*** Supplied data ***

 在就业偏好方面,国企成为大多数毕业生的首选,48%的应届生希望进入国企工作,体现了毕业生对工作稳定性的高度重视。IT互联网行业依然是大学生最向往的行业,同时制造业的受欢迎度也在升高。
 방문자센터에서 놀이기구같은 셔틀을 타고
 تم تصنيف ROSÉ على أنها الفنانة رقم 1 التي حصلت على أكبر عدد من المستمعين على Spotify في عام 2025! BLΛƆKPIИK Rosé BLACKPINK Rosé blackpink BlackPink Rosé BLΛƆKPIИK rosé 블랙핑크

***
*** Supplied data ***

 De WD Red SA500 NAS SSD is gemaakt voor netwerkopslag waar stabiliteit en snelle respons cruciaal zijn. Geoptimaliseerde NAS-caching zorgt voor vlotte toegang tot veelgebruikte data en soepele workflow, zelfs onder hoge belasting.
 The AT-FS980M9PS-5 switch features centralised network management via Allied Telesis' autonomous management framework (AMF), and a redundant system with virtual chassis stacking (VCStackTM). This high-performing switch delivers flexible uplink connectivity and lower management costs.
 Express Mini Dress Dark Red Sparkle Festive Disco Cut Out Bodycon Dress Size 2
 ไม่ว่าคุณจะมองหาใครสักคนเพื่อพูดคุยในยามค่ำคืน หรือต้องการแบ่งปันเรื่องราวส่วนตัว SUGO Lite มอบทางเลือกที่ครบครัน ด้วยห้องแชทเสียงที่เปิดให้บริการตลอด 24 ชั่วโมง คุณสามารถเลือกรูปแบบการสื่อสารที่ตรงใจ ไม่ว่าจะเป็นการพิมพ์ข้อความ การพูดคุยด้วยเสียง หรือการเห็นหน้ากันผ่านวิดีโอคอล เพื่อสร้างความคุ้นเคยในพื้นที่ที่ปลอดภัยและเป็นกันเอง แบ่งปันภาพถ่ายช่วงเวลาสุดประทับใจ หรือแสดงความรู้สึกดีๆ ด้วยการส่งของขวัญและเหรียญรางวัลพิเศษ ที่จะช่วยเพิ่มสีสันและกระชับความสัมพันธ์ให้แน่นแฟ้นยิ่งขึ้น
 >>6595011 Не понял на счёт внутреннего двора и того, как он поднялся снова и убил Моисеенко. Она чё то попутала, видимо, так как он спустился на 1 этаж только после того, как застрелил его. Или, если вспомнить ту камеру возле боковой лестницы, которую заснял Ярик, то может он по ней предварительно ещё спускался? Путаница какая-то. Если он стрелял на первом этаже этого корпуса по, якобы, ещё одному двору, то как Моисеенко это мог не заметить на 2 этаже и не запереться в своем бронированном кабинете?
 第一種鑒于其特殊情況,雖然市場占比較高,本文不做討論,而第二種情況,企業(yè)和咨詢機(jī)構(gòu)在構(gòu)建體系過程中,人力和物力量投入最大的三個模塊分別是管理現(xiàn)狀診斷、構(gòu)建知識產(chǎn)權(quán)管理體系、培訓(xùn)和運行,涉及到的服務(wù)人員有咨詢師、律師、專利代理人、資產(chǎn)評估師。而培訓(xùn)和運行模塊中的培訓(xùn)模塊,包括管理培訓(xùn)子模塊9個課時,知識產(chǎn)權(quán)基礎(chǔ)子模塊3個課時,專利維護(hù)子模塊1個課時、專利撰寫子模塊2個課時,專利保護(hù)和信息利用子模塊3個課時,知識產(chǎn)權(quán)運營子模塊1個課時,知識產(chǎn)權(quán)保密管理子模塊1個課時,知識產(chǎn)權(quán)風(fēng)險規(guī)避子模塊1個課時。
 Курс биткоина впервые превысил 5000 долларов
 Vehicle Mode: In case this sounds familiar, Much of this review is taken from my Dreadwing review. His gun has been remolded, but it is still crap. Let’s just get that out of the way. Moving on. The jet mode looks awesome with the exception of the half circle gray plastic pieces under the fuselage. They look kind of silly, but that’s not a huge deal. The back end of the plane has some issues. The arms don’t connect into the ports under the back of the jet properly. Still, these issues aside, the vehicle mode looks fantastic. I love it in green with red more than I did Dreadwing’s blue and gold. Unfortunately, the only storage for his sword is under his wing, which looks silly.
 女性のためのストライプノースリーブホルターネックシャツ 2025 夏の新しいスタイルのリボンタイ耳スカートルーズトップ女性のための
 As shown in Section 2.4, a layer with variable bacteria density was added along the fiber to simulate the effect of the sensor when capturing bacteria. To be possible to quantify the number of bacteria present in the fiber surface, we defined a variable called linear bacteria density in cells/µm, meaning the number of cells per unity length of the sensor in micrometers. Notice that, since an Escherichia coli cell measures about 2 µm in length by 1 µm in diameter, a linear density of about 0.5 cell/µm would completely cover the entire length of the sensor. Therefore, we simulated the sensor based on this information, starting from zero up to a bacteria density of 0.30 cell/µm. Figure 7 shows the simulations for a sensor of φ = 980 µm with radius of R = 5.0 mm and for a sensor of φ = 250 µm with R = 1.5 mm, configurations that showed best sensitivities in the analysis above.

***

*Aim of the task:* Only one part of the material above is to be transcribed, namely the lines starting with the line that has "第一種鑒于其特殊情況,雖然市" and going on through the line that has "Курс биткоина впервые превысил 5000 долларов", exactly as they stand.

*Task solution:*
 第一種鑒于其特殊情況,雖然市場占比較高,本文不做討論,而第二種情況,企業(yè)和咨詢機(jī)構(gòu)在構(gòu)建體系過程中,人力和物力量投入最大的三個模塊分別是管理現(xiàn)狀診斷、構(gòu)建知識產(chǎn)權(quán)管理體系、培訓(xùn)和運行,涉及到的服務(wù)人員有咨詢師、律師、專利代理人、資產(chǎn)評估師。而培訓(xùn)和運行模塊中的培訓(xùn)模塊,包括管理培訓(xùn)子模塊9個課時,知識產(chǎn)權(quán)基礎(chǔ)子模塊3個課時,專利維護(hù)子模塊1個課時、專利撰寫子模塊2個課時,專利保護(hù)和信息利用子模塊3個課時,知識產(chǎn)權(quán)運營子模塊1個課時,知識產(chǎn)權(quán)保密管理子模塊1個課時,知識產(chǎn)權(quán)風(fēng)險規(guī)避子模塊1個課時。
 Курс биткоина впервые превысил 5000 долларов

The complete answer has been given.